我尝试将 cuda python 与 numba 一起使用.代码是计算一维数组的总和如下,但我不知道如何得到一个值结果而不是三个值.

I try to use cuda python with numba. The code is to calculate the sum of a 1D array as follows, but I don't know how to get one value result rather than three values.

python3.5 与 numba+ CUDA8.0

python3.5 with numba + CUDA8.0

import os,sys,time
import pandas as pd
import numpy as np
from numba import cuda, float32

os.environ['NUMBAPRO_NVVM']=r'D:NVIDIA GPU Computing ToolkitCUDAv8.0
vvmin
vvm64_31_0.dll'
os.environ['NUMBAPRO_LIBDEVICE']=r'D:NVIDIA GPU Computing ToolkitCUDAv8.0
vvmlibdevice'

bpg = (1,1) 
tpb = (1,3) 

@cuda.jit
def calcu_sum(D,T):
    ty = cuda.threadIdx.y
    bh = cuda.blockDim.y
    index_i = ty
    L = len(D)
    su = 0
    while index_i<L:
        su +=D[index_i]
        index_i +=bh
    print('su:',su)
    T[0,0]=su
    print('T:',T[0,0])


D = np.array([ 0.42487645,0.41607881,0.42027071,0.43751907,0.43512794,0.43656972,
               0.43940639,0.43864551,0.43447691,0.43120232], dtype=np.float32)
T = np.empty([1,1])
print('D: ',D)

stream = cuda.stream()
with stream.auto_synchronize():
    dD = cuda.to_device(D, stream)
    dT= cuda.to_device(TE, stream)
    calcu_sum[bpg, tpb, stream](dD,dT)

输出是:

D:  [ 0.42487645  0.41607881  0.42027071  0.43751907  0.43512794  0.43656972
  0.43940639  0.43864551  0.43447691  0.43120232]
su:  1.733004
su:  1.289852
su:  1.291317
T: 1.733004
T: 1.289852
T: 1.291317

为什么我不能得到输出 "4.31417383" 而不是 "1.733004 1.289852 1.291317" ?1.733004+1.289852+1.291317=4.314173.

Why can't I get the output "4.31417383" rather than "1.733004 1.289852 1.291317" ? 1.733004+1.289852+1.291317=4.314173.
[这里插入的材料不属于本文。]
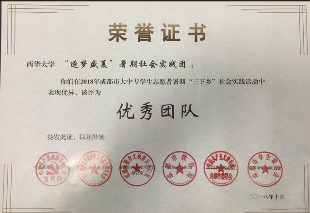 7月4日,熊贤、陈艳带领“逐梦盛夏”队赴郫都区唐昌镇横山村,开展以“弘扬乡风文明,助力乡村振兴”为主题的2018年暑期“三下乡”社会实践活动。活动期间,小分队主要开展了走访调研、爱心支教、问卷调查、主题讲座等活动。队员们各展所长,通力合作,获得当地领导和村民的高度评价。活动结束后与横山村村民委员会签署了共建大学生社会实践基地协议书,并收到他们的感谢信,取得了此次“三下乡”社会实践活动的圆满成功。
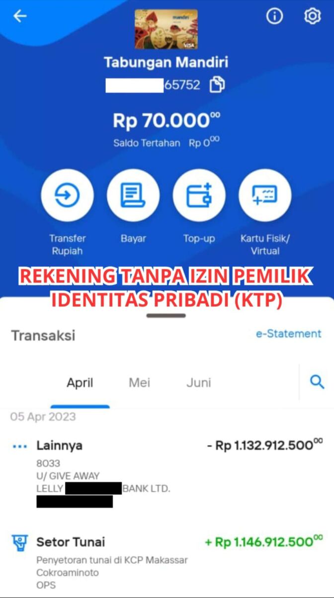 Rekening tanpa izin tersebut ini di temukan melalui aplikasi Livin by Mandiri pada Mei 2023 lalu. Rekening yang dibuka pada 5 April 2023 itu mencatat transaksi setoran tunai dan transaksi signifikan atas nama Lelly U, yang diduga istri dari pemilik PT. WIN.

我是 numba 新手,阅读 numba 文档,但不知道如何操作.有人可以给点建议吗?

I'm new to numba, read the numba documentation, but don't know how to do it. Can someone give advice ?

推荐答案

你没有得到你期望的总和的原因是你没有编写代码来产生这个总和.

The reason you don't get the sum you expect is because you haven't written code to produce that sum.
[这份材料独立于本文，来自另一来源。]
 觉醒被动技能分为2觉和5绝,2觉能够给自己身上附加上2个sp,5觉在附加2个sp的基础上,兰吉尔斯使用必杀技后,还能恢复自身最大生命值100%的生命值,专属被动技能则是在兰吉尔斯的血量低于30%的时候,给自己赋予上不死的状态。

基本的 CUDA 编程模型(无论您使用 CUDA C、Fortran 还是 Python 作为您的语言)是您编写由每个线程执行的内核代码.您已经为每个线程编写了代码来读取和求和输入数组的一部分.您还没有为这些线程编写任何代码来共享它们各自的部分总和并将其汇总为最终总和.

The basic CUDA programming model (whether you use CUDA C, Fortran or Python as your language) is that you write kernel code which is executed by each thread. You have written code for each thread to read and sum part of the input array. You have not written any code for those threads to share and sum their individual partial sums into a final sum.
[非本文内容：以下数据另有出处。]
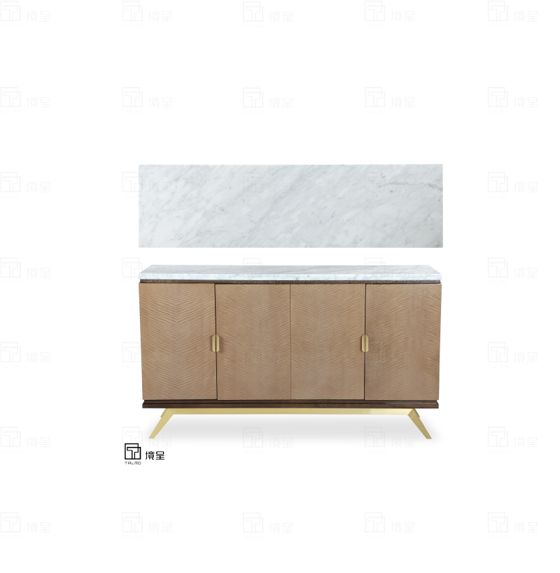 • 商品材质:美国进口白蜡木实木,进口中密度板或多层实木夹板, 法国尼斯木皮,染色影木拼花,纯铜本色五金拉手,拉丝香槟金201不锈钢底架, 大理石面板,Valspar(威士伯)油漆;

有一个非常描述得很好的算法可以做到这一点——它被称为并行归约.您可以在每个版本的 CUDA 工具包的示例中找到该算法的介绍,或下载有关它的演示文稿 这里.您还可以阅读更现代的算法版本,它使用 CUDA 的新功能(warp shuffle 指令和原子事务)这里.

There is an extremely well described algorithm for doing this -- it is called a parallel reduction. You can find an introduction to the algorithm in a PDF which ships in the examples of every version of the CUDA toolkit, or download a presentation about it here. You can also read a more modern version of the algorithm which uses newer features of CUDA (warp shuffle instructions and atomic transactions) here.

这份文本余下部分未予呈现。